==== RECORDS FOR THIS TASK ====

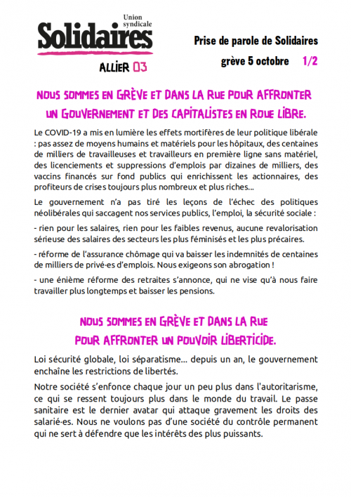 Solidaires national Les JT Décalés du 8ème congrès de Solidaires 7 Oct, 202114 Oct, 2021 Lire la suite Solidaires national Grignon, pognon, béton… 7 Oct, 20218 Oct, 2021 Lire la suite Solidaires national Prise de parole de Solidaires Allier – grève du 5 octobre 7 Oct, 20218 Oct, 2021 Lire la suite Solidaires national Pandora papers : de l’argent il y en a ! 6 Oct, 20218 Oct, 2021 Lire la suite Solidaires national (SUD CT) Harcèlement, ni au boulot, ni ailleurs ! 6 Oct, 20218 Oct, 2021 Lire la suite 2627282930 Nos commissions FéminismeLGBTI+ImmigrationInternational Les collectifs amis Étiquettesantifascisme antiracisme assurance chômage cheminots chômage conditions de travail crise sanitaire culture féminisme grève hopital intermittents international lutte lutte interprofessionnelle lycéens manifestation mobilisation précaires précarité rail rassemblement retraites répression salaire sans-papiers santé service public sncf Solidaires solidarité sud education 31 sud rail SUD Santé Sociaux sud éducation syndicat syndicats sécurité sociale Toulouse Université urgence sanitaire urgence sociale violences policières éducation éducation nationale Un seul cookie sera déposé sur ton ordinateur pour faciliter ta navigation. Pas plus ! Accepter Refuser
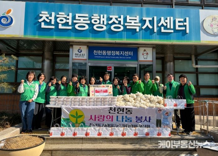케이부동산뉴스 김교민 기자 | 하남시 천현동은 지난 2월 3일 천현동 새마을협의회 및 부녀회 주관으로 관내 저소득층 50가구에‘사랑의 떡·물김치 나눔 행사를 실시했다'고 밝혔다.
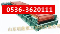 一、執行標準 JB/T 4040-1999 《重型板式給料機》 二、用途和使用范圍 GBZ型重型板式給料機廣泛應用在采礦、冶金、建材和煤炭等工業部門 。該機主要用于具有一定倉壓的料倉和漏斗下面,將各種大容重物料短距離均勻、連續的輸送給各種破碎、篩分和運輸設備,特別是用在初碎以下更為合適。它不僅合理處理粗物料,對細粒物料也同樣適應。可在惡劣的環境中完成繁重的工作,對物料的粒度成份的變化,溫度、粘度、冰霜、雨雪的影響或冰結的物料都有較大的適應性,給料量均勻準確可靠。在使用過程中不允許卸空物料及大塊物料直接沖擊鏈板表面,更不允許在鏈板表面進行爆破。 安裝傾角為0~25°,傳動裝置可左裝或右裝,在物料運行方向右側為右傳動,反之為左傳動。 三、特點 1.給料機的給料速度按下列系列選取,其偏差不得超過±10%: 2.傾斜安裝時附有防止輸送鏈逆轉的制動裝置。 3.驅動裝置采用直交行星串聯組合式減速機傳動,重量輕、機械效率高、壽命長、結構緊湊、占地空間小。 4.主軸裝置采用無鍵光軸,主軸與鏈輪、星輪均采用脹套聯接方式,其機器的安裝、拆卸、維修十分方便。 5.鏈板裝置采用雙圓弧搭接結構,保證使用過程中不漏料。 6.采用坦克鏈作傳動鏈,具有節距誤差小,無需潤滑,安裝維修方便,具有良好的互換性和較長的使用壽命。 7.應用帶導向的支重輪和尾軸上的改向光輪嵌入鏈環的內鏈環之間的結構,****地解決了跑偏這一問題。 采用復合彈簧式緩沖拉緊機構,減少了沖擊破壞,延長了整機的使用壽命。
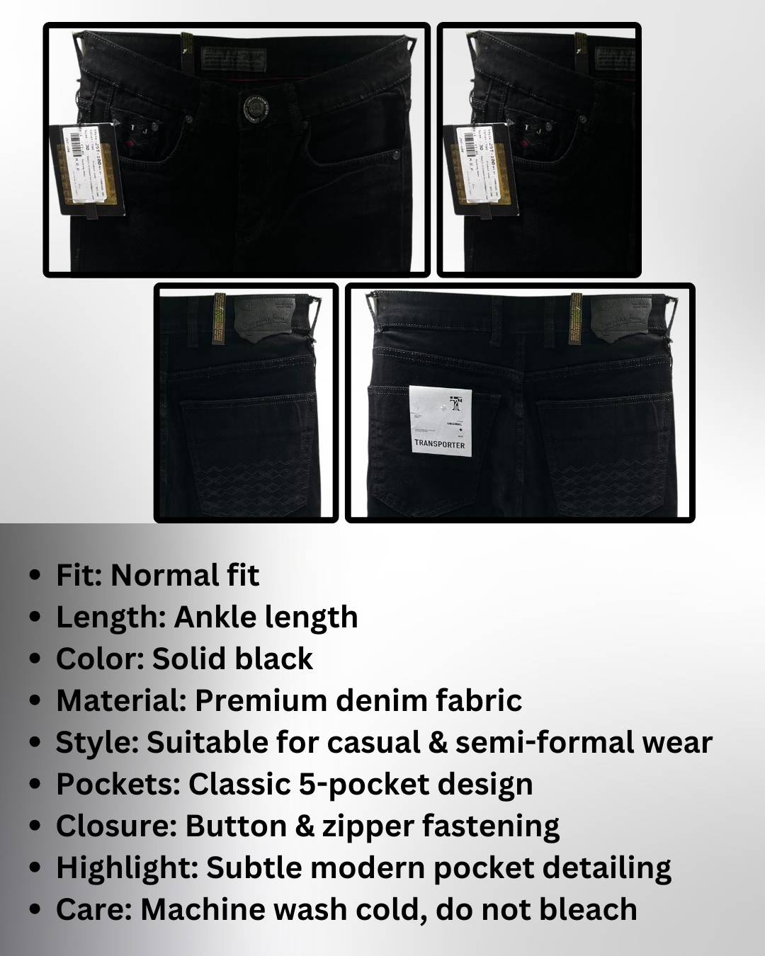Upgrade your wardrobe with these premium men’s black jeans – a perfect blend of comfort, durability, and modern style. Tailored in a normal fit with an ankle-length design, these jeans are versatile enough for both casual and semi-formal occasions.
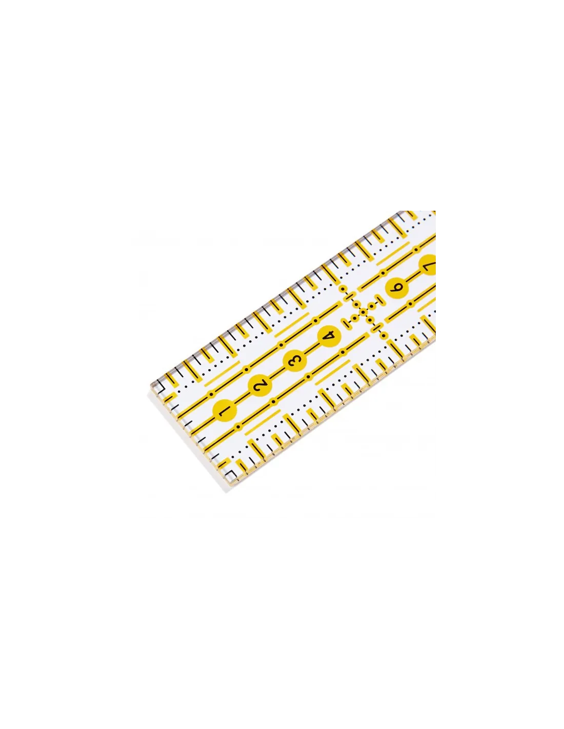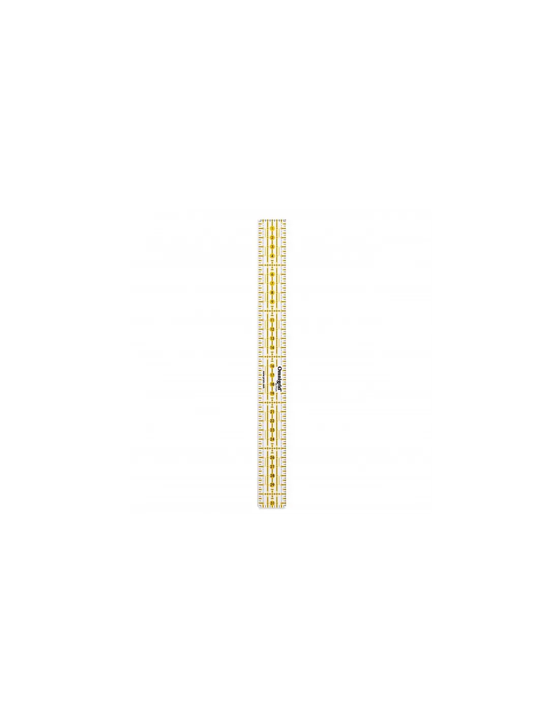 Que ce soit sur la table de découpe ou sur la machine à coudre : Les règles universelles Omnigrid de Prym sont des compagnons indispensables pour les ouvrages de patchwork, de confection ou graphiques. L'impression tramée jaune/noir avec soit une échelle métrique ou en pouces permet des marquages précis aussi bien sur les tissus sombres que clairs. L'impression au laser résistante aux rayures sur la partie inférieure de la règle empêche les distorsions optiques. Le matériau épais, résistant assure le fonctionnement sûr des couteaux rotatifs et des couteaux d’art sur le fonds de découpe. Dans certaines versions, les règles Omnigrid ont également des marquages angulaires de 30, 45 et 60 degrés pour couper des triangles et des losanges ainsi que des bandes diagonales. Un œillet pour accrocher assure également de l'ordre sur le lieu de travail.
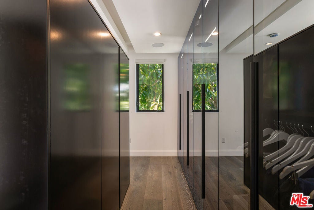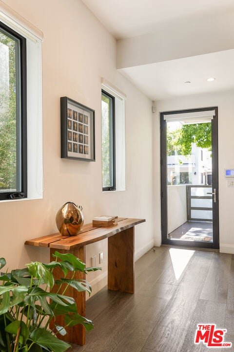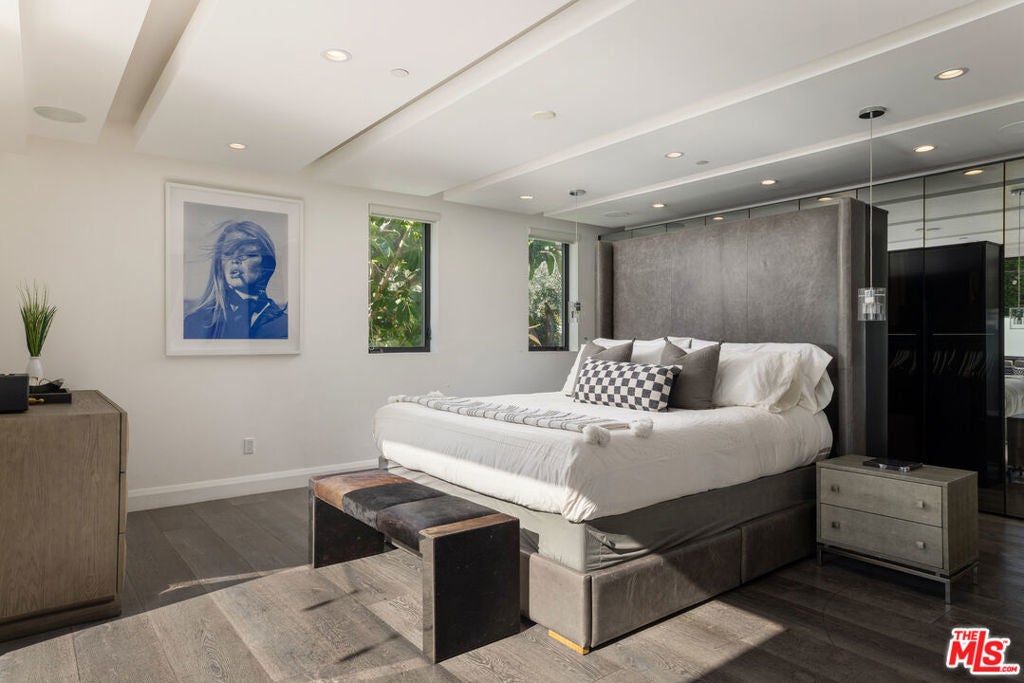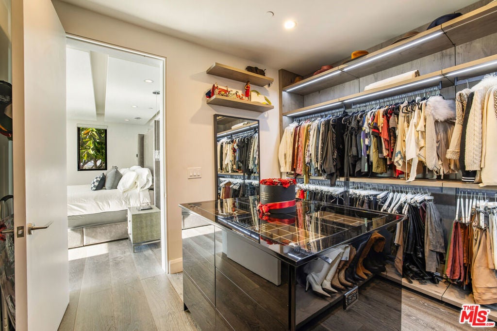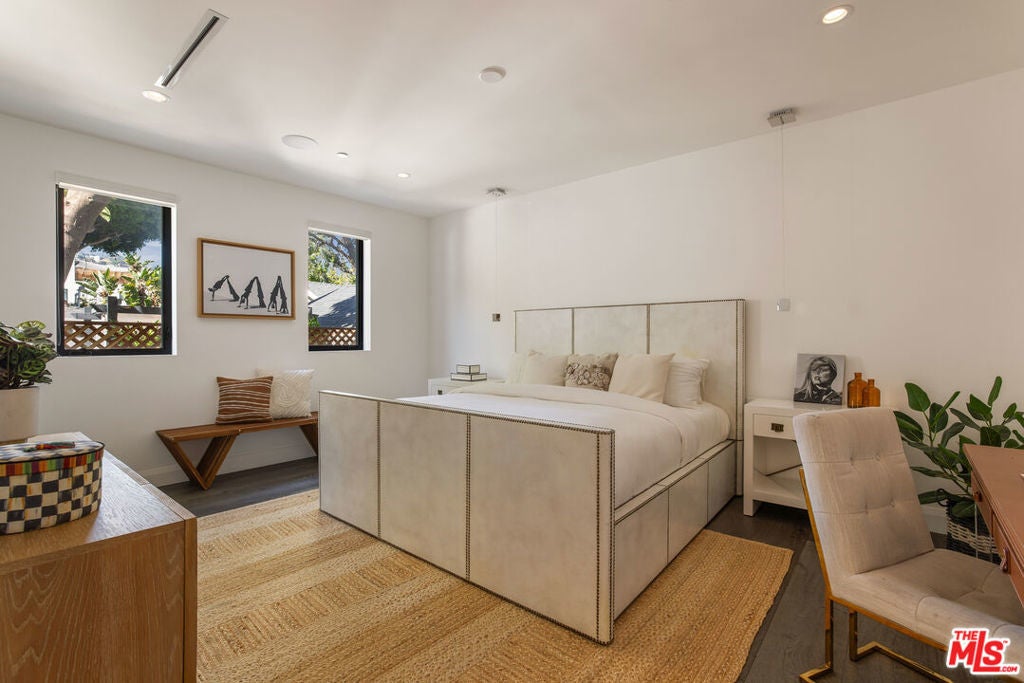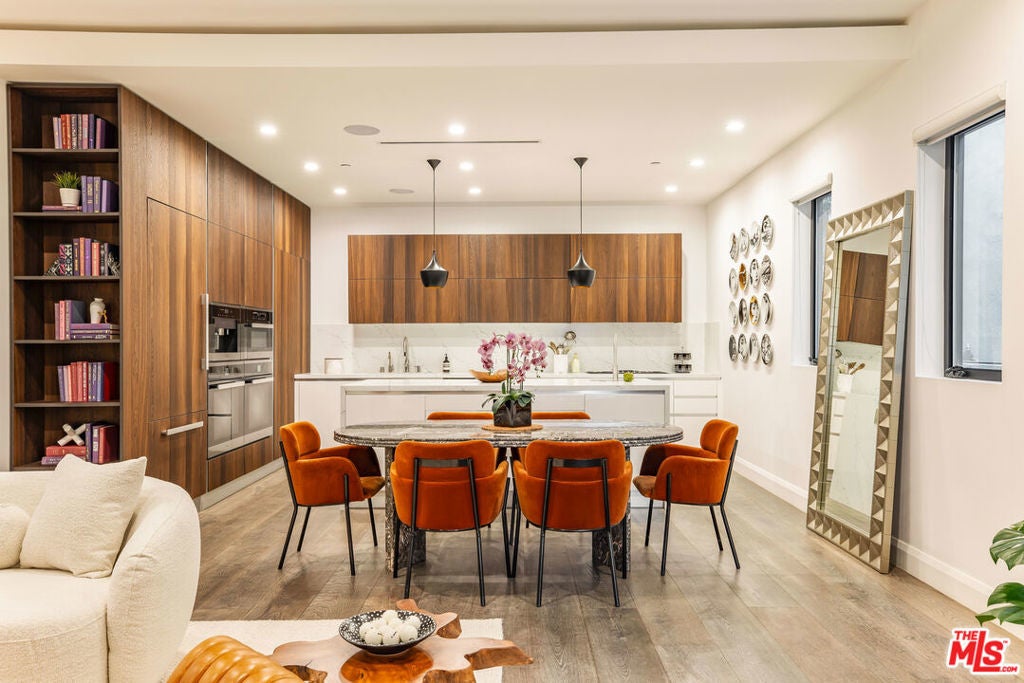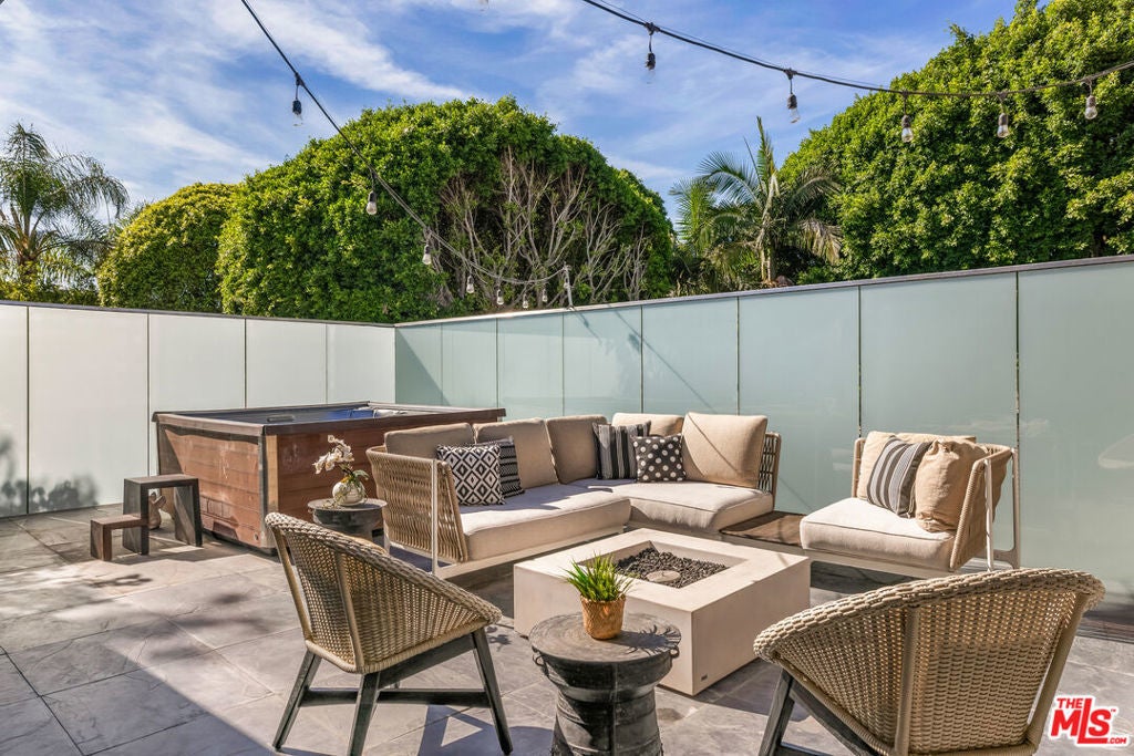 Designed by famed architect Tomas Osinski Design Inc. Nestled on one of West Hollywood's most sought-after streets on Huntley Dr, this exquisite townhome epitomizes luxury living. Positioned as the front unit in an exclusive two-unit boutique building, this west-facing residence features 2 bedrooms ensuite plus an optional 3rd bedroom, home office/den or media bonus room, 2 full baths and 1 half bath, a laundry room, and a gated garage offering two side-by-side parking spaces with direct home access, supplemented with a guest parking. Upon entry, the lower level reveals a stunning chef's kitchen adorned with custom Astra cabinets from Italy and top-of-the-line Miele appliances. The open concept blends the dining, kitchen and living area, highlighted by a cozy floor to ceiling stone fireplace flanked by custom built in cabinetry complete with recessed lighting. The guest bedroom enjoys natural light and includes a walk-in closet and full bathroom, while a west-facing bedroom or home office offers a bright workspace or peaceful retreat. Throughout, built-in speakers and a smart home system enhance convenience. The upper level unveils the opulent primary suite, featuring a spacious sitting area with a floor to ceiling stone fireplace complete with custom cabinetry, recessed lighting, Fleetwood pocket doors and chic bedroom complemented by coffered ceiling and a wall of back-lit closets. A second designer showroom-style walk-in closet with back-lit shelves and an island ensures storage aplenty, while the spa-like full bathroom adds a touch of indulgence. The 200 sqft private outdoor patio, complete with BBQ, dining area, and lounge with a fire pit, offers a serene escape with views of West Hollywood's architectural landmarks. Rooftop patio has space and capacity to hold a spa tub. This meticulously designed townhouse seamlessly blends luxury and convenience, offering a unique lifestyle opportunity in an unbeatable location, a true gem for those who appreciate the finer things in life.
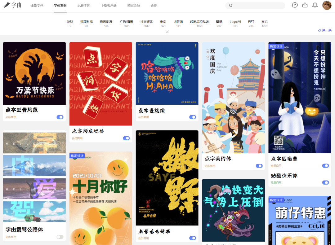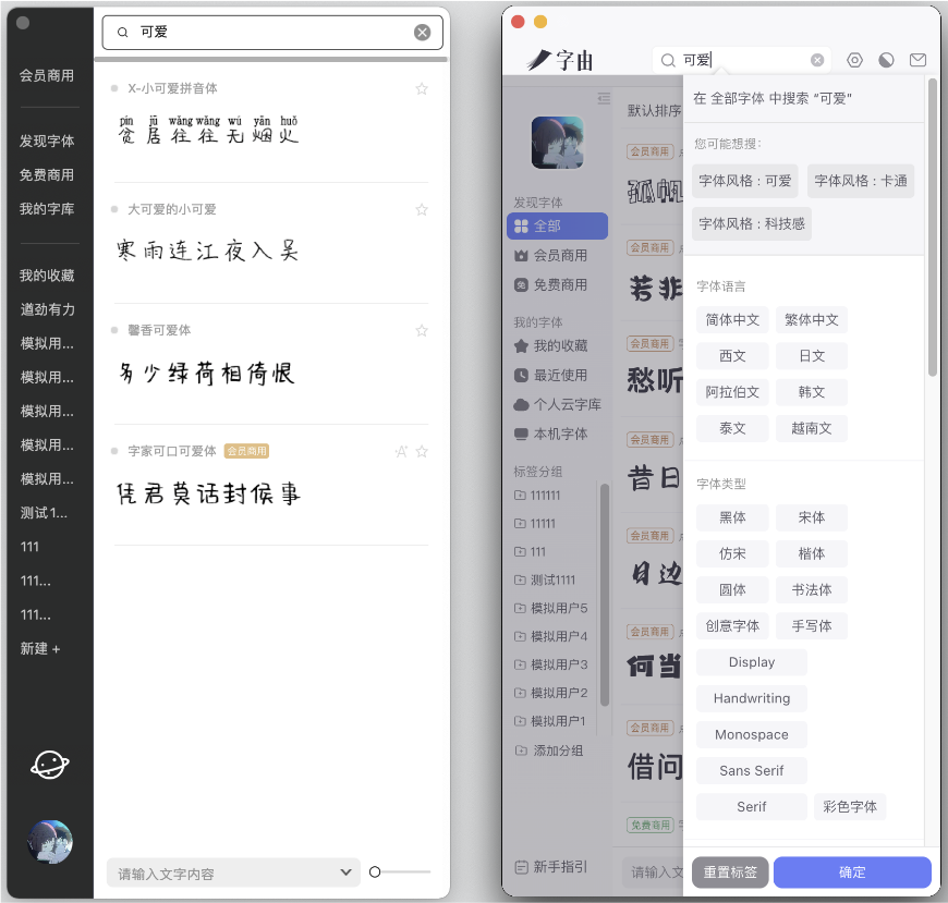 这次3.0还强化了搜索功能,毕竟很多用户不知道字体名字,只能通过形容词来搜索,所以之前你输入“可爱”,只会出来一堆带可爱的字体名称,而现在你不仅可以限定字体的范围(比如在免费商用or会员商用里搜),还能搜索相关的风格标签。
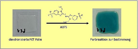 Es konnte gezeigt werden (siehe Abbildung), dass auf den beschichteten Folien Biomoleküle immobilisiert werden können. So können zum Beispiel Sensorsysteme bzw. Nachweiskits hergestellt werden. Im Projekt wurde auf den Folien Glucoseoxidase immobilisiert. Dadurch kann durch Zugabe eines Nachweissystems durch Farbreaktion die Glucosekonzentration von unbekannten Lösungen bestimmt werden.Anwendung
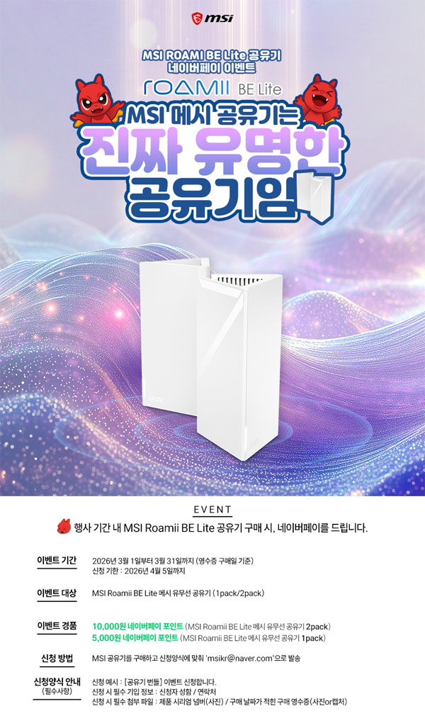 MSI는 MSI의 메시 유무선 공유기 MSI Roamii BE Lite를 구매한 고객을 대상으로 간단한 구매 인증만으로 네이버페이 포인트를 제공하는 프로모션을 진행한다고 밝혔다.
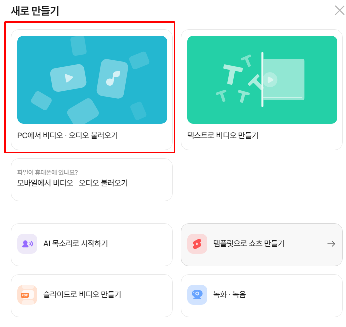 2. 새로만들기에서 음성/동영상 화일 불러오기

====

Leaving out every picture, transcribe exactly the lines from the line that contains "MSI는 MSI의 메시" through the final line of the entries above.

 MSI는 MSI의 메시 유무선 공유기 MSI Roamii BE Lite를 구매한 고객을 대상으로 간단한 구매 인증만으로 네이버페이 포인트를 제공하는 프로모션을 진행한다고 밝혔다.
 2. 새로만들기에서 음성/동영상 화일 불러오기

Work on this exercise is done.